Rýnelic didn’t speak. Instead, he begrudgingly held up three fingers and pointed to the glass bottle of amber on the top shelf. He girl went to retrieve the container. As she turned around he slumped forward in his seat, crossing his arms on the bar and turning around over his shoulder to survey the establishment and the few patrons silently sipping in their various lonely corners. There was no one he recognized. Not the way Rýnelic remembered it. The girl returned with the drinks, all skillfully held in one hand. He finished them and motioned for three more before she had time to resume her cleaning duties.

It grew late. The hours left in the day decreased inversely to the number of patrons in the bar. Rýnelic could feel his liver. He sat still as death, leaning forward, arms crossed. Brooding. The more people that came in, the more he remembered his reasons for being with them. He looked over to the left and saw a woman singing a song he didn’t know, off-key, to some man she seemed to know. Not on a personal level. She was working. Looters after the fall are the true optimists. Rýnelic stood up. He landed on the balls of his toes and arched his back trying to catch his balance, ultimately coming down hard on his heels and having to take a step backwards. He stood still for a moment, his arms out a bit from his body. He looked around at the hustle of the crowd, and then looked down at his feet, trying to stand. “What happened to this place?” he asked aloud. Any over-hearer would have mistaken his question for a long, airy groan. “What’s wrong with you?” he asked the woman to his left, whispering some obscene scenario into the ear of the nearest body. She didn’t respond. Rýnelic turned terminus.

There was a stage built years ago for musical performers to play their songs and entertain clientele. A stage Rýnelic knew well. Now it was nothing more than a dusty step, a walking hazard, in the corner of a bar. Rýnelic took notice and stumbled in its direction, clutching the glass of an empty drink he remembered to be full. The girl behind the counter said nothing. She folded her arms and leaned back, watching. Rýnelic raised his left leg and straitened it so that his right leg could join it on the rising. He turned to face the crowd, who was oblivious to his arrival. Someone, he noted, had taken his seat at the bar.

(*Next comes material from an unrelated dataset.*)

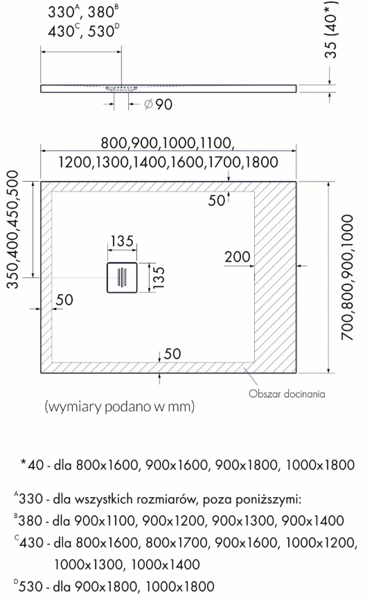 Opis produktu Schedpol Schedline Protos Black Stone Brodzik prostokątny 80x120 cm czarny 3SP.P1P-80120/C/ST-M1/C/ST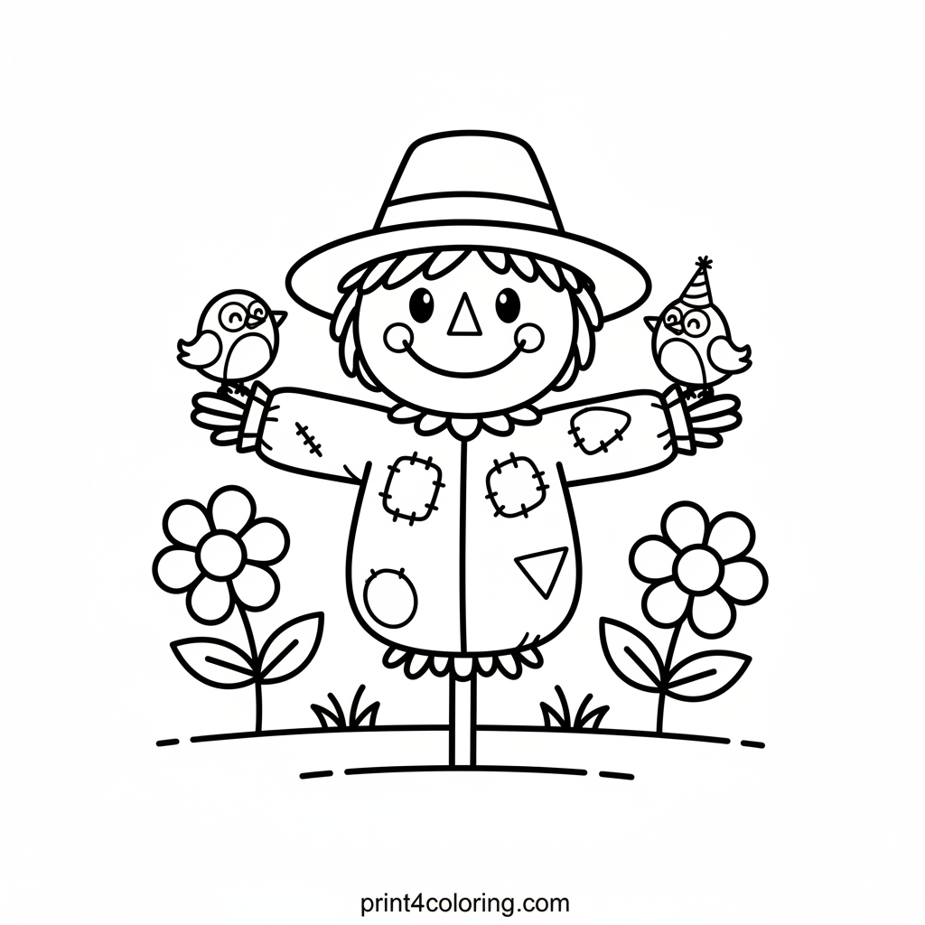 Happy Scarecrow's Sunny Garden Party Coloring Page

“What is the matter with you?” Rýnelic asked, almost off-handed, swaying forward as if in a bow. No one heard. He raised his glass, noticed it was empty, and threw it on the ground with a force he did not think he possessed. The glass shattered like sparks from a flame. Everyone turned to the body on the platform. The woman muttering obscenities let out a momentary shriek. “What happened to you?!” screamed Rýnelic at the pentacle of his lungs. His voice squeaked in the middle. There was no answer. Darkness.